Collection entries
%%

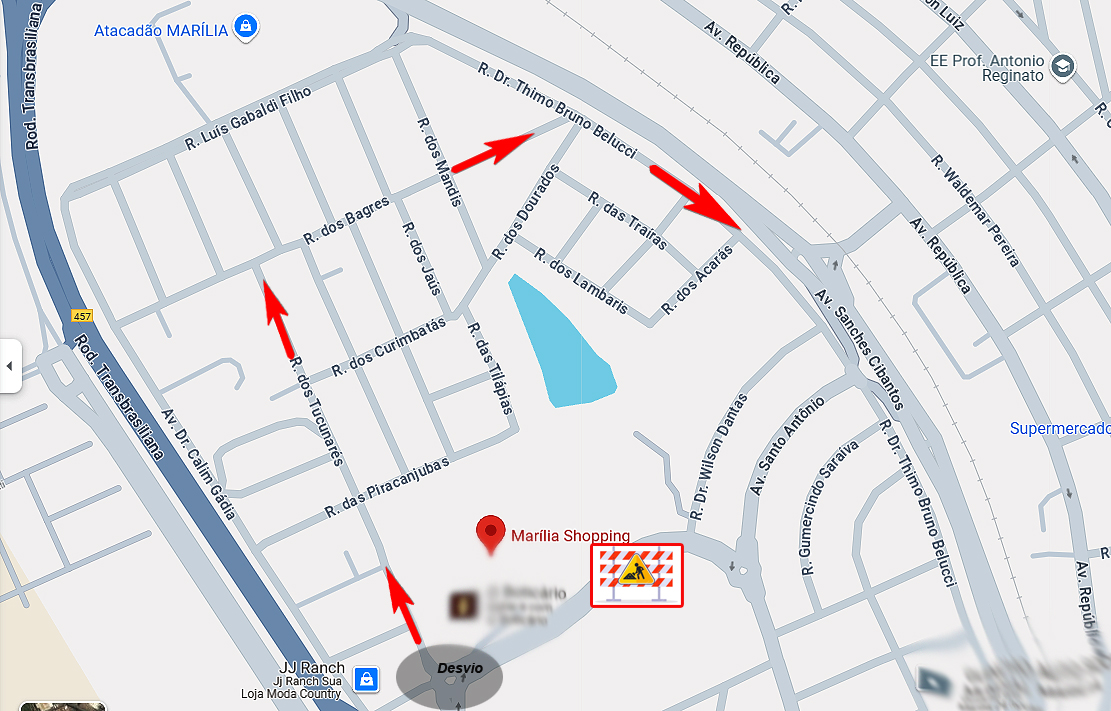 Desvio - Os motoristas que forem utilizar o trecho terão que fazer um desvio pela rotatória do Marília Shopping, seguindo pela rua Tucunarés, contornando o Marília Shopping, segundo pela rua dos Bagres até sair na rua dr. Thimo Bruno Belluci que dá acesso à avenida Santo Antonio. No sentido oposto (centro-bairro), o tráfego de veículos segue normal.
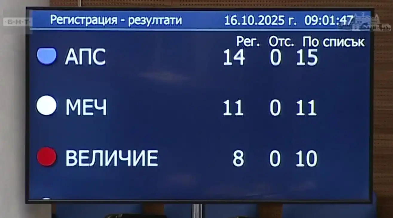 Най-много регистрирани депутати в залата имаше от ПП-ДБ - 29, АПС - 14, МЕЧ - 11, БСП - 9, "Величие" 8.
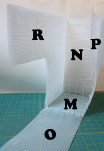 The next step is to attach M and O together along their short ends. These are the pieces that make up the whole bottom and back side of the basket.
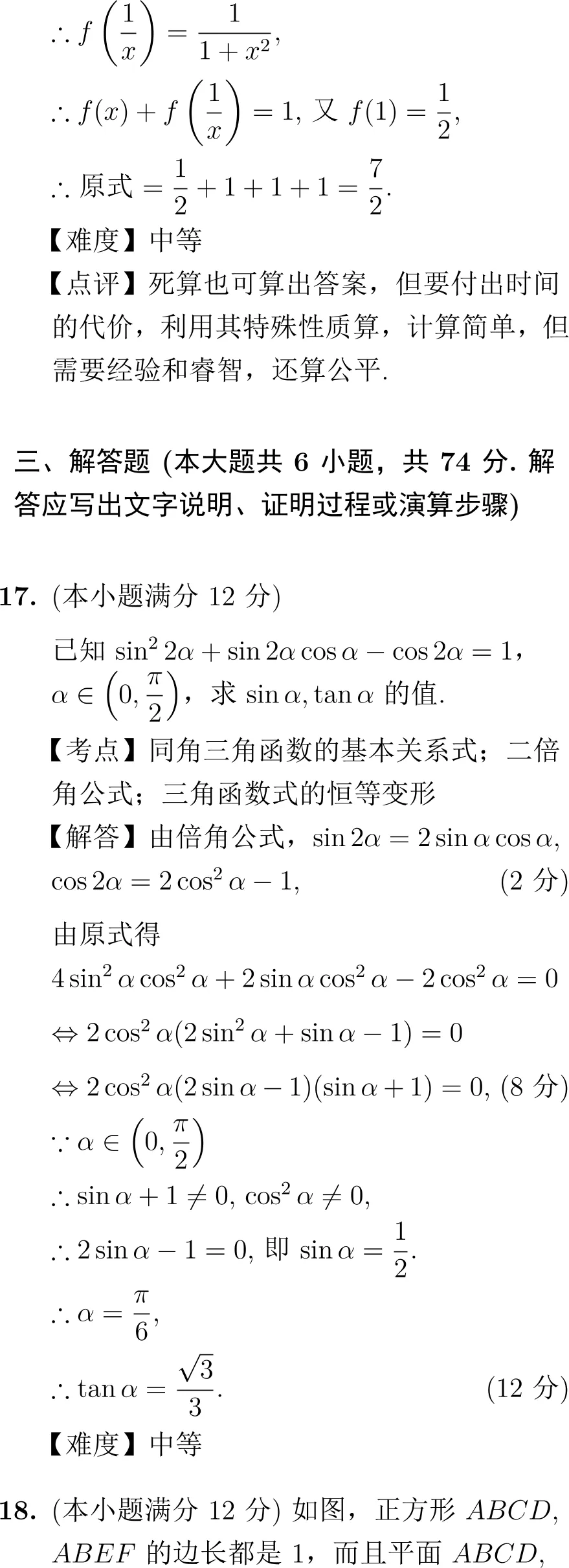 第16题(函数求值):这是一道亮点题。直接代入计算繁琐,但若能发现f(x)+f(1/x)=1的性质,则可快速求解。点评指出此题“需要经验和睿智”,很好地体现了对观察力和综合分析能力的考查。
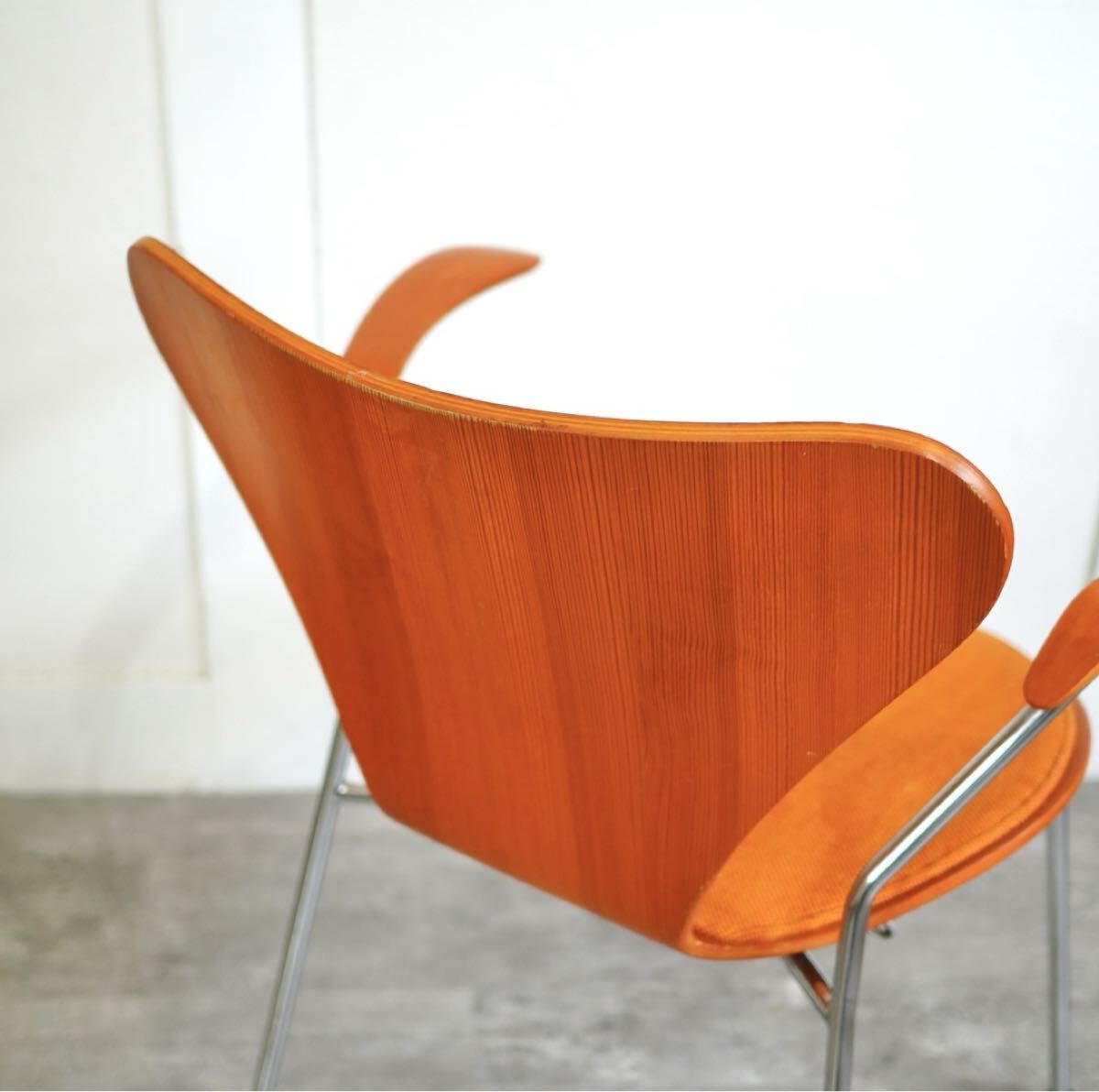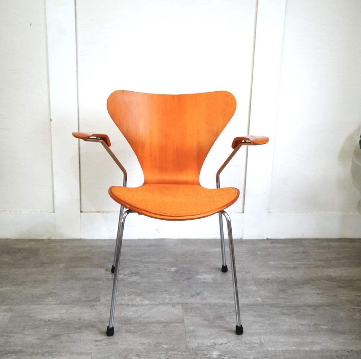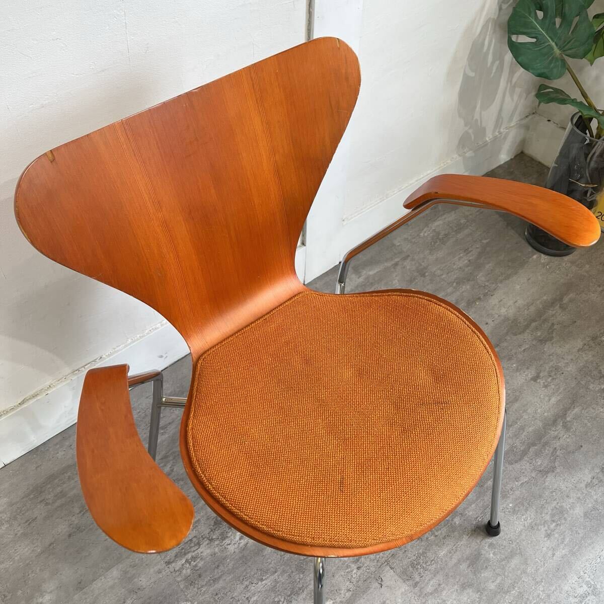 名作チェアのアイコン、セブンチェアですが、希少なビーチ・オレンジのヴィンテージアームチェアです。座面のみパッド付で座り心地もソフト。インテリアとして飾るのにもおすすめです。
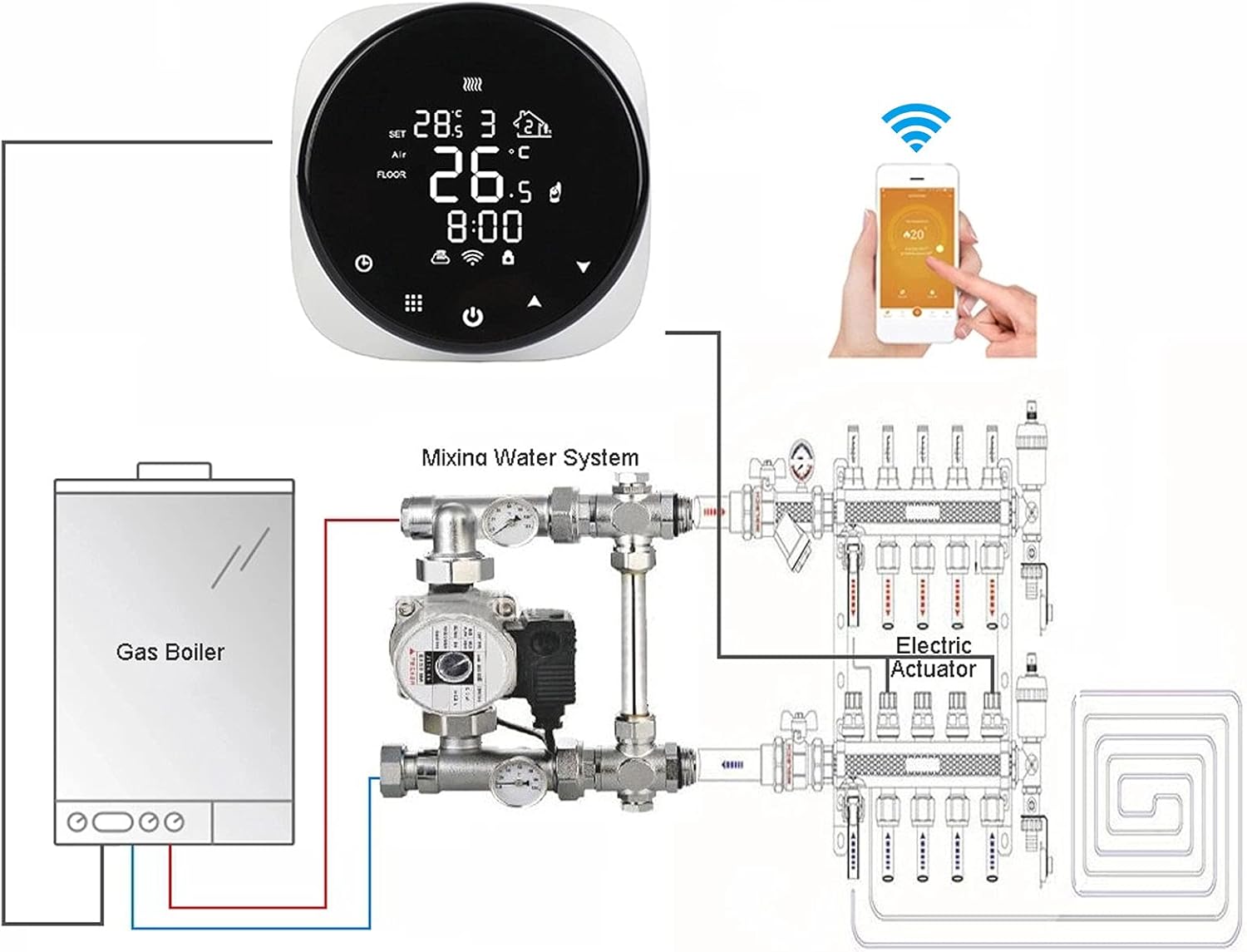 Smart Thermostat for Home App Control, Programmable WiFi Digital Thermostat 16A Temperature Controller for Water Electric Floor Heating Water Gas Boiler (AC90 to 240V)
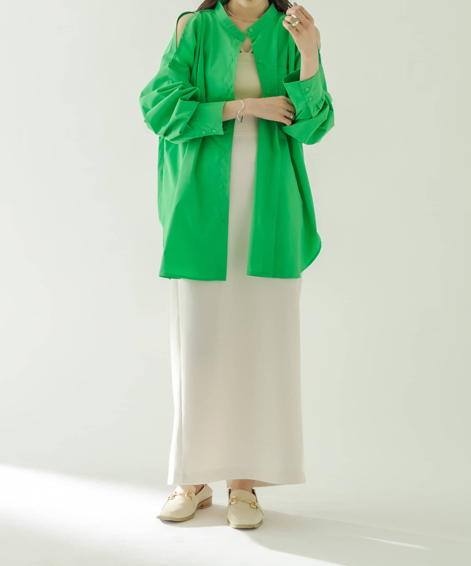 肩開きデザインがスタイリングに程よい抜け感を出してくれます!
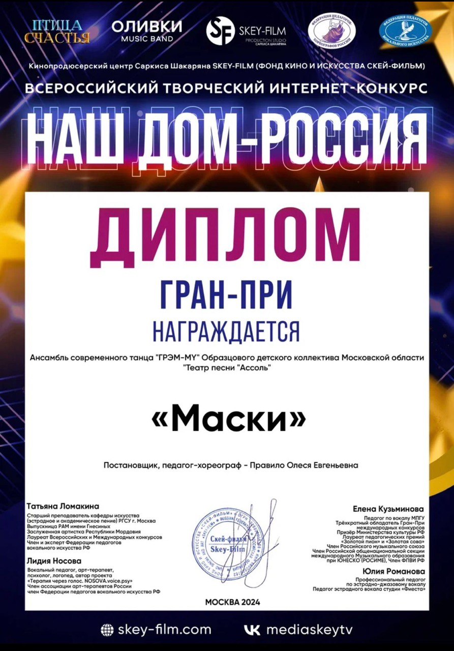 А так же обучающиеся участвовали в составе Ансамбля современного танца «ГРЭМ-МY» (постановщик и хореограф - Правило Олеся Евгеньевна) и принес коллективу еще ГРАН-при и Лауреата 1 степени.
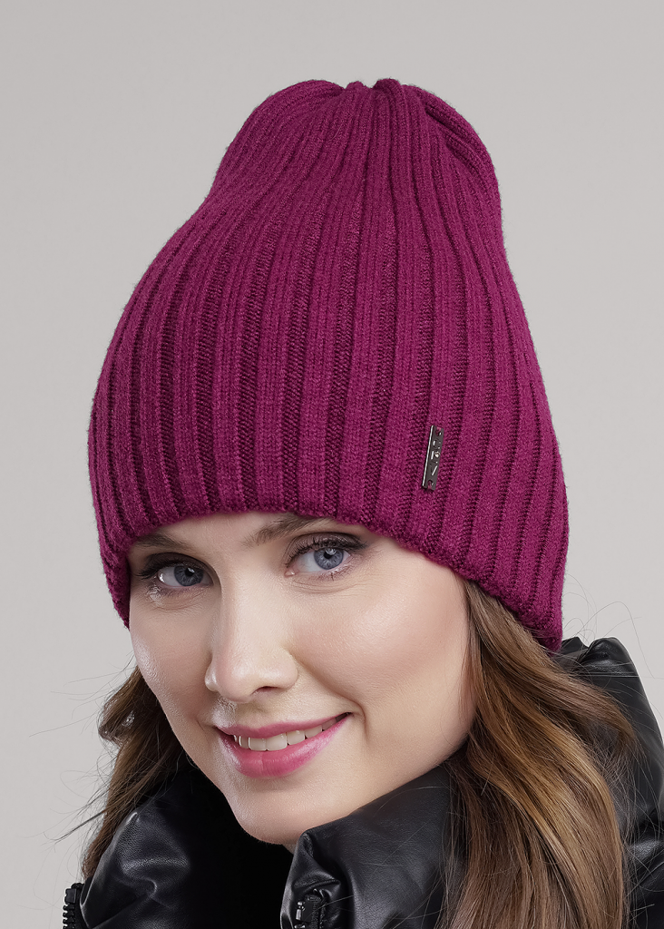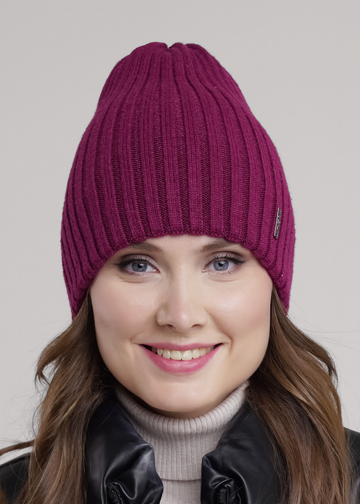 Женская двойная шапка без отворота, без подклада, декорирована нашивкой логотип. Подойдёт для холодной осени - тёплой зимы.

%%

**Directions for this task:** All records above should be duplicated exactly, with the pictures omitted.

**Answer box:**
 Desvio - Os motoristas que forem utilizar o trecho terão que fazer um desvio pela rotatória do Marília Shopping, seguindo pela rua Tucunarés, contornando o Marília Shopping, segundo pela rua dos Bagres até sair na rua dr. Thimo Bruno Belluci que dá acesso à avenida Santo Antonio. No sentido oposto (centro-bairro), o tráfego de veículos segue normal.
 Най-много регистрирани депутати в залата имаше от ПП-ДБ - 29, АПС - 14, МЕЧ - 11, БСП - 9, "Величие" 8.
 The next step is to attach M and O together along their short ends. These are the pieces that make up the whole bottom and back side of the basket.
 第16题(函数求值):这是一道亮点题。直接代入计算繁琐,但若能发现f(x)+f(1/x)=1的性质,则可快速求解。点评指出此题“需要经验和睿智”,很好地体现了对观察力和综合分析能力的考查。
 名作チェアのアイコン、セブンチェアですが、希少なビーチ・オレンジのヴィンテージアームチェアです。座面のみパッド付で座り心地もソフト。インテリアとして飾るのにもおすすめです。
 Smart Thermostat for Home App Control, Programmable WiFi Digital Thermostat 16A Temperature Controller for Water Electric Floor Heating Water Gas Boiler (AC90 to 240V)
 肩開きデザインがスタイリングに程よい抜け感を出してくれます!
 А так же обучающиеся участвовали в составе Ансамбля современного танца «ГРЭМ-МY» (постановщик и хореограф - Правило Олеся Евгеньевна) и принес коллективу еще ГРАН-при и Лауреата 1 степени.
 Женская двойная шапка без отворота, без подклада, декорирована нашивкой логотип. Подойдёт для холодной осени - тёплой зимы.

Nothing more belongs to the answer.